Modem network communication systems are generally of either the wired or wireless type. Wireless networks enable communications between two or more nodes using any number of different techniques. Wireless networks rely on different technologies to transport information from one place to another. Several examples, include, for example, networks based on radio frequency (RF), infrared, optical, etc. Wired networks may be constructed using any of several existing technologies, including metallic twisted pair, coaxial, optical fiber, etc.
Communications in a wired network typically occurs between two communication transceivers over a length of cable making up the communications channel. Each communications transceiver comprises a transmitter and receiver components. The receiver component typically comprises one or more cancellers. Several examples of the type of cancellers typically implemented in Ethernet transceivers, especially gigabit Ethernet transceivers include, echo cancellers, near-end crosstalk (NEXT) cancellers, far-end crosstalk cancellers (FEXT), etc.
The deployment of faster and faster networks is increasing at an ever quickening pace. Currently, the world is experiencing a vast deployment of gigabit Ethernet (GE) devices. As the number of installed gigabit Ethernet nodes increases, the need for reliable, comprehensive and user-friendly cable diagnostic tools has become more important than ever. The wide variety of cables, topologies and connectors deployed results in the need for non-intrusive identification and reporting of cable faults. It would be desirable to have a system capable of identifying and characterizing noise sources affecting a link and reporting these noise sources in the event the noise source exceeds a permitted envelope, as defined by the relevant standards.
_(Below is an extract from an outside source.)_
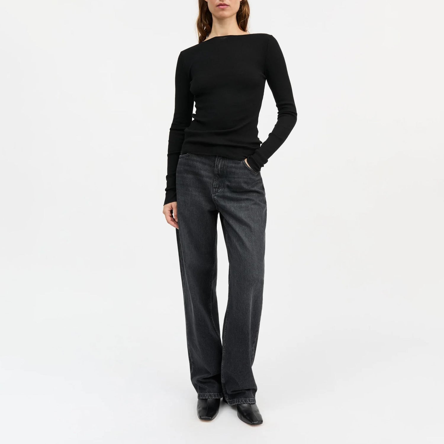 Designed with a wide boat neckline and long, slim sleeves, it features delicate baby lock stitching along the seams for a refined finish. With its slim cut that gently hugs the figure, this piece runs slightly small - so we recommend sizing up for the perfect fit.

The ability to gather diagnostics on the cable is particularly useful in the case where physical access to the cable is extremely difficult or impossible. Further, it is desirable to have the cable diagnostics capabilities built into the communications transceiver without requiring significant modification to existing transceivers. One of the impairments commonly encountered in Ethernet networks, especially gigabit Ethernet networks, is FEXT noise.
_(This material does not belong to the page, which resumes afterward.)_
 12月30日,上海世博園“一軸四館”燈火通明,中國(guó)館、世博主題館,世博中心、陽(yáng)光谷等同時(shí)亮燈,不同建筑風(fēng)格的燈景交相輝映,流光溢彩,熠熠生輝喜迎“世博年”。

The estimation of the FEXT impairment is typically performed using residual noise measurements made during the regular operating mode of the system. The noise impairment is calculated using a simple energy calculation. The disadvantage of such a measurement, however, is that the measured noise in actuality comprises a combination of several noise sources, such as thermal noise, NEXT noise, FEXT noise and many others. As a result, isolation of the FEXT noise is not possible or at best is inaccurate.
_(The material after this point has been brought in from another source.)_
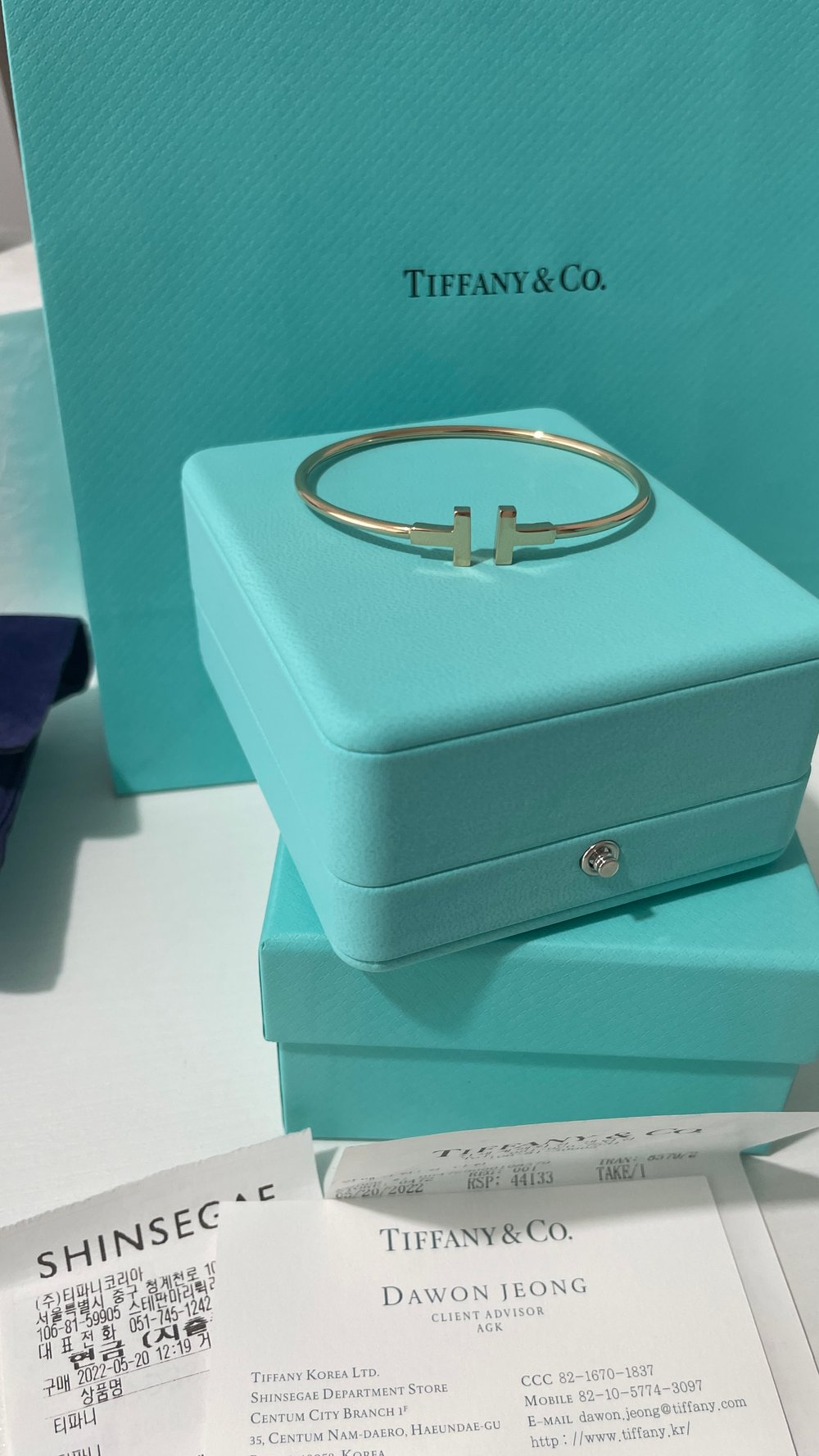 다른 티파니 팔찌와 레이어드 해서 사용했기 때문에 스크래치가 살짝살짝 있는데 폴리싱 하면 깨끗해질 것 같아요

Another prior art approach to estimating the FEXT noise requires stopping the normal operation of the system and transmitting on adjacent interfering cables (i.e. wire pairs) only, and measuring the noise present on the cable or wire pair under test. A disadvantage of such a system is that the system must be stopped from its regular communication tasks. Further, monitoring and processing need to be performed, preferably by a well-trained technician. While this method achieves the goal of measuring the FEXT noise, the measurement procedure is complex and it interferes with the regular operation of the system. Moreover, stopping the normal operation of the system is not always possible.
Thus, there is a need for a mechanism for detecting and estimating the FEXT impairment in a communications system such as a gigabit Ethernet or DSL system that can be incorporated into a conventional communications transceiver that is efficient and is relatively low cost in terms of hardware requirements.